> _ACTIVITY_:
Your task is to transcribe exactly, and only, the lines running from the one with "- 내 PC 우 클릭 → 고급 시스템 설정 → 고급 → 환경 변수 순으로 이동" to the end of the listing below, inclusive, with every picture left out.

> _SOURCE DATA_:

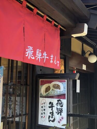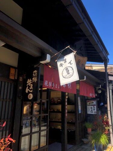 古い町並みにはいくつかの飛騨牛にぎり寿司のお店、飛騨牛まんのお店がある。
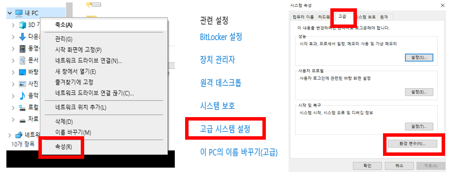 - 내 PC 우 클릭 → 고급 시스템 설정 → 고급 → 환경 변수 순으로 이동
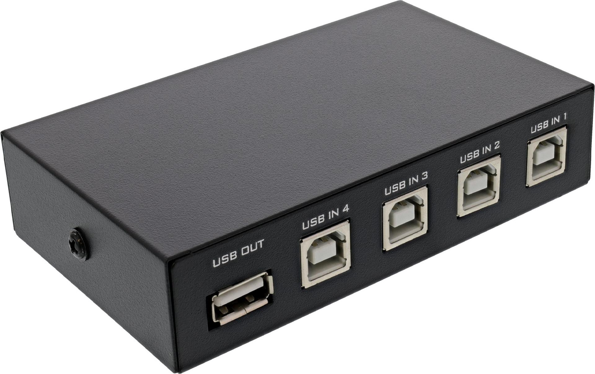 Dieser manuelle Umschalter ermöglicht das einfache Teilen von einem USB 2.0-Gerät mit USB-A Anschluss an 4 Computer. Die Umschaltung erfolgt rein mechanisch, es wird keine zusätzliche Spannungsversorgung benötigt.• Manueller USB Umschalter, 1 USB-Gerät an 4 Computer

> _TASK OUTPUT_:
 - 내 PC 우 클릭 → 고급 시스템 설정 → 고급 → 환경 변수 순으로 이동
 Dieser manuelle Umschalter ermöglicht das einfache Teilen von einem USB 2.0-Gerät mit USB-A Anschluss an 4 Computer. Die Umschaltung erfolgt rein mechanisch, es wird keine zusätzliche Spannungsversorgung benötigt.• Manueller USB Umschalter, 1 USB-Gerät an 4 Computer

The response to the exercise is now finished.